Most recently, neurologic music therapists have taken on the challenge of cognitive rehabilitation. Inspired by the success of techniques such as RAS, Thaut and others have enlisted music to retrain attention, memory, and executive functions, for example,planning, organizing, and carrying out intentions.
For one exercise, “we create improvisational composition games for the patient,” Thaut says. “We present a bunch of rhythm tracks for him to choose from. We ask how the melody should sound [and] we guide the patient in building a musical composition, a highly involved process that engages the prefrontal cortex systems used in executive function.” In one study, 31 brain-injured individuals improved significantly more than untreated patients in a test of executive function after only one session of this kind of therapy.
Other research suggests how the brain changes to promote cognitive improvement. The power of music to aid memory is well known—think of the “alphabet song” children use to remember their letters. In theory, Thaut says, the structure of melody creates a template that organizes information in memorable chunks.
Work in his lab showed such organization on the neural level: Brain waves were more highly synchronized when subjects learned a word list set to music than when they learned the words alone.

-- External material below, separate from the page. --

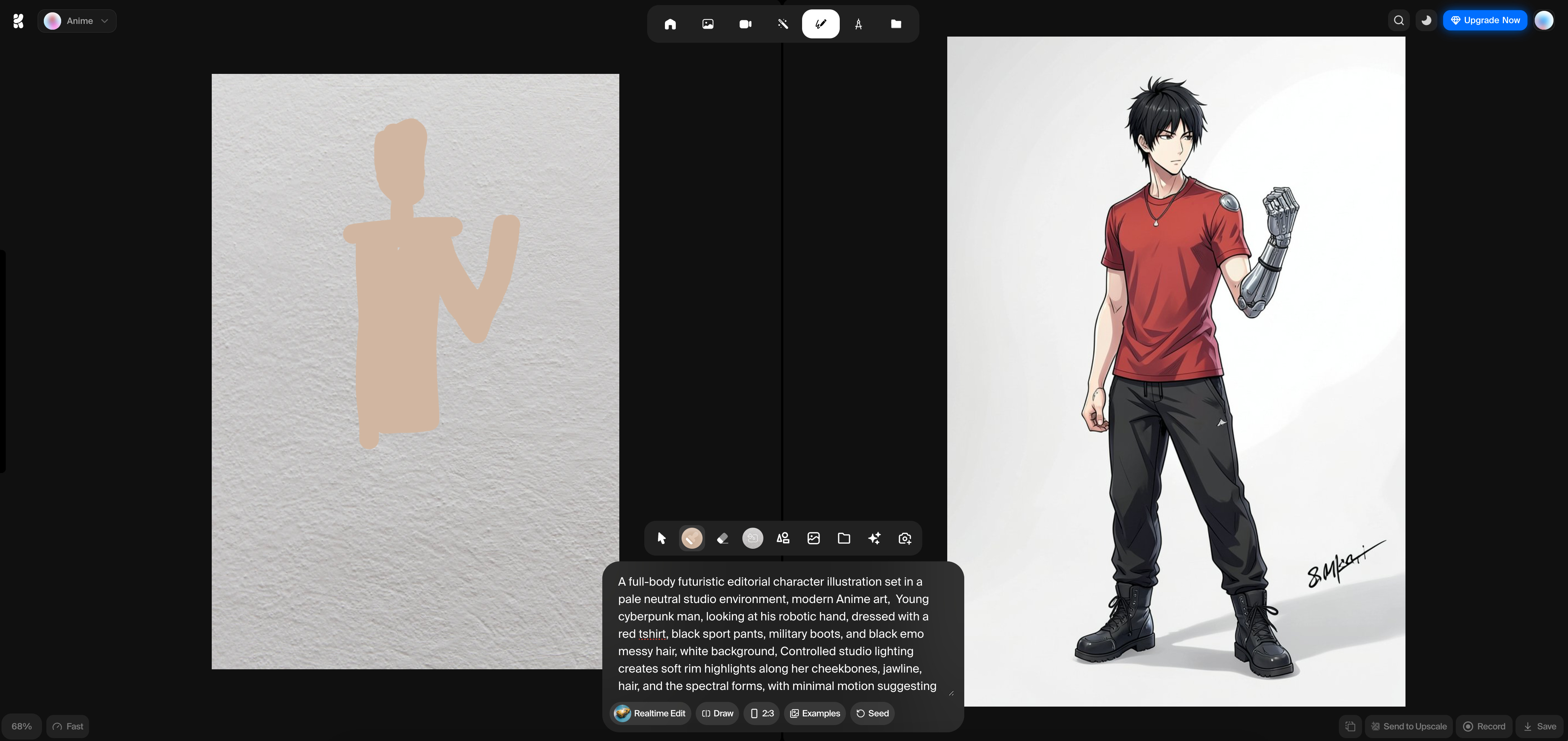 The Result: Despite my drawing being little more than a “blob,” Krea used the sketch as a positional guide. It understood that the “arm” I drew was where the robotic hand should be. The result is a clean, professional anime-style character that perfectly matches the complex lighting and fashion cues requested in the prompt.

This increased synchronization accompanied superior memory performance both in healthy people and in those with multiple sclerosis, where cognitive deficits are common.
In recent years, there has been “a lot of give and take” between neuroscience and neurologic music therapists—a kind of dance between experimental findings, theoretical models, and pragmatic applications, Thaut says.
Schlaug’s research, for example, grew out of a well-established clinical technique, melodic intonation therapy, that his findings may in turn refine. Tracking neuroanatomical changes, he says, “will allow us to fine-tune MIT and better target the areas in the brain that are actually changing.”